Given rapidly decelerating quality of, at least, claude code output, the agentic coding use may decrease. It is insane how bad the results of background agents are now: constant hallucinations, nonsensical outputs.
The heavy users of Claude at my job disagree (me included), our work gets shipped and the quality has increased by all metrics. Are you talking about enterprise or consumer Claude subscriptions? I think they're serving drastic different quality depending on how much $ you fork up.
I don't see much sense to have hn as support thread, but here are quotes from my single claude investigation session, and that happens in every claude code session that I have, especially with 4.7
* The first agent's claim that was 3.x-only was wrong
* is nice-to-have but doesn't target our exact case as cleanly as the agent claimed.

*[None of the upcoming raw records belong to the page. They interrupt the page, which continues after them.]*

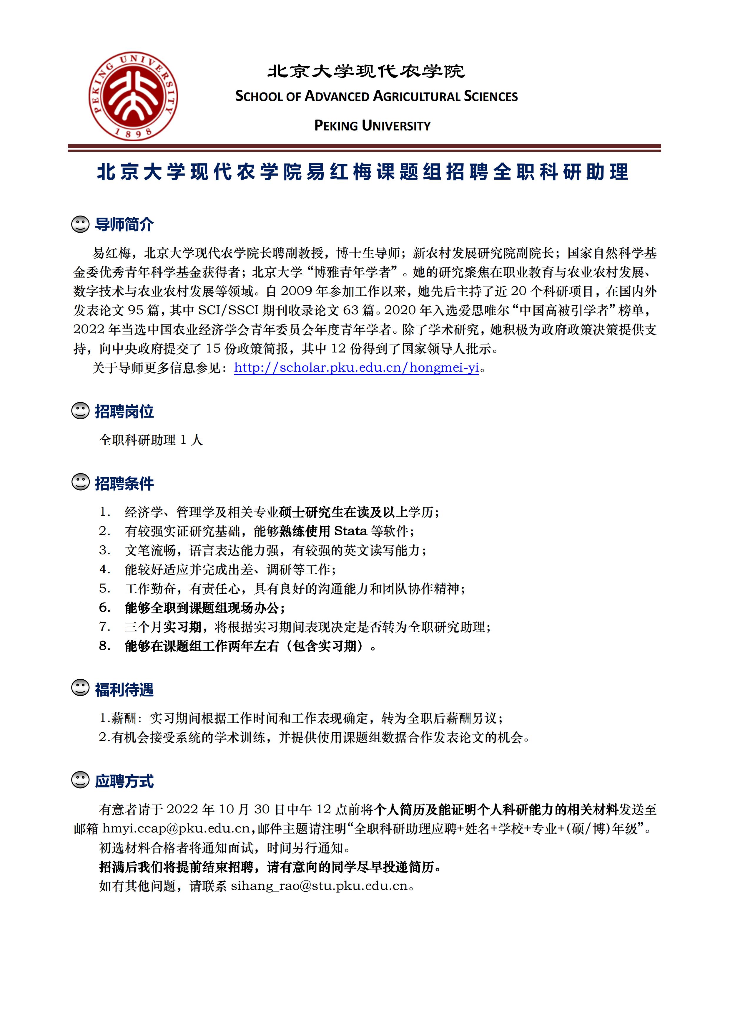 北京大学现代农学院易红梅老师课题组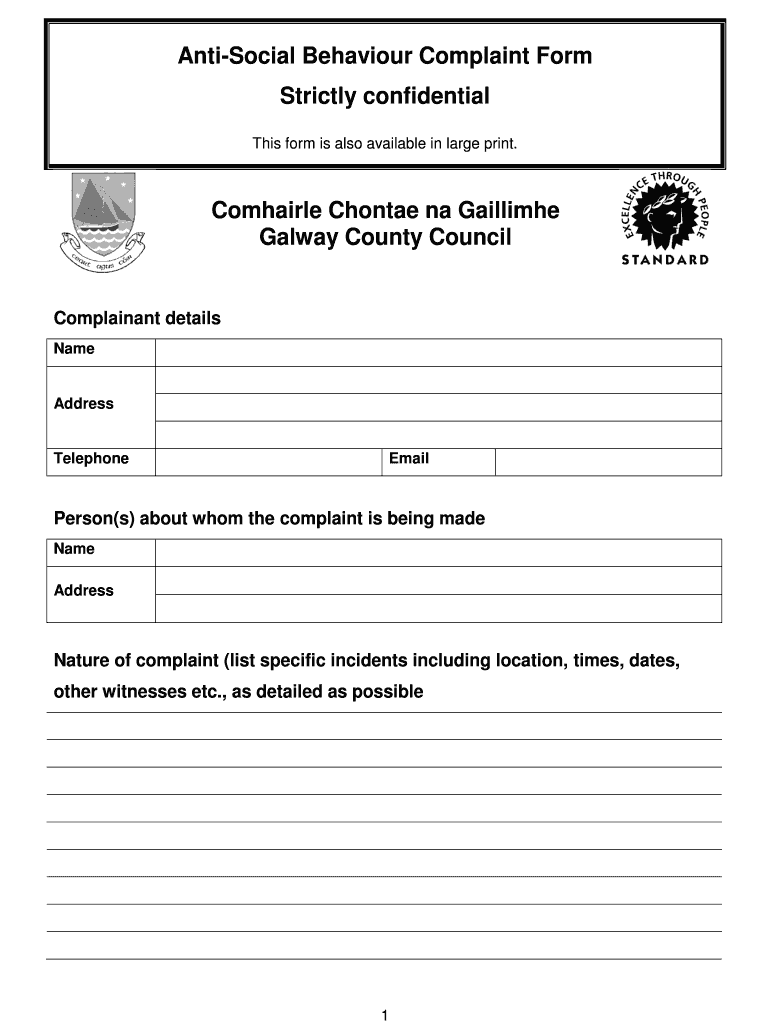Antisocial Behavior Complaint Form Strictly confidential This form is also available in large print. Compared Choctaw Na Taillight Galway County Council Complainant details Name Address Telephone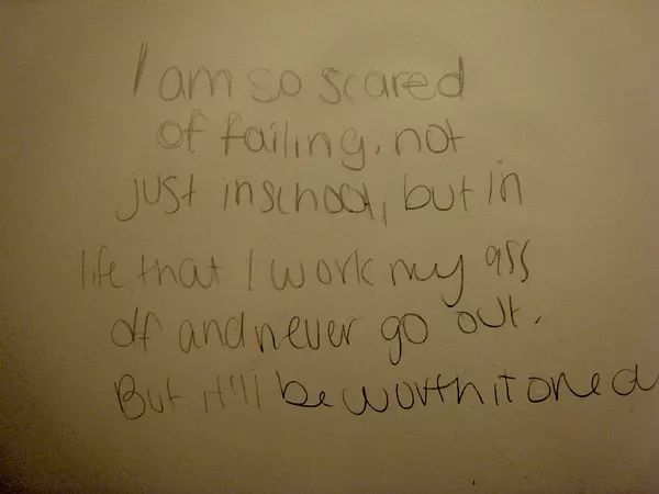 “我很害怕失败,不仅在学校里还是生活中。我的论文总是写不出来,但是经历的过程还是值得的”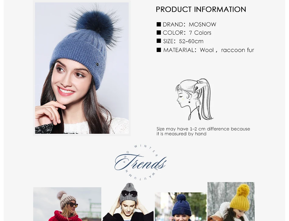 women's winter hats circumference: 52-60 cm

* The agent's "direct fix for yyy" is overstated.
* not 57% as the earlier agent claimed
etc etc etc
And I forgot how many times my session with claude starts: did you read my personal CLAUDE.md and use background agents for long running operations?
I use enterprise subscription, max effort, was with both 4.6 and 4.7.
And please refrain from comments like "you're using it wrong", as the drop in output quality is very clear and noticeable.
Much like Windows threads with people experience strange bugs without knowing any of their workloads and tools, it's impossible to say. We've got a team of 30 using it full time, and as a member of end leadership I would be hearing if it was constantly missing expectations. It did take iterations to get here, as with everything.
Some of the usual suspects when people are getting bad results:
* Overbloated claude.md, it should not contain everything, it should be a table of contents pointing to other files
* Max effort - why? Overthinking on simpler tasks results in degraded quality, much like in humans.
* You speak of your single session but with agents reviewing other agent outputs. Without knowing your goal and your prompt, and what the agents had access to, my first inclination is that the initial request was vague, a bunch of unnecessary info was returned, and your review step caught that extra jank.
I'm not gonna bother making the joke you allude to, but every single employee I've worked with in person has had glaring holes in their setups which, once solved, dramatically reduced stuff like what you're talking about.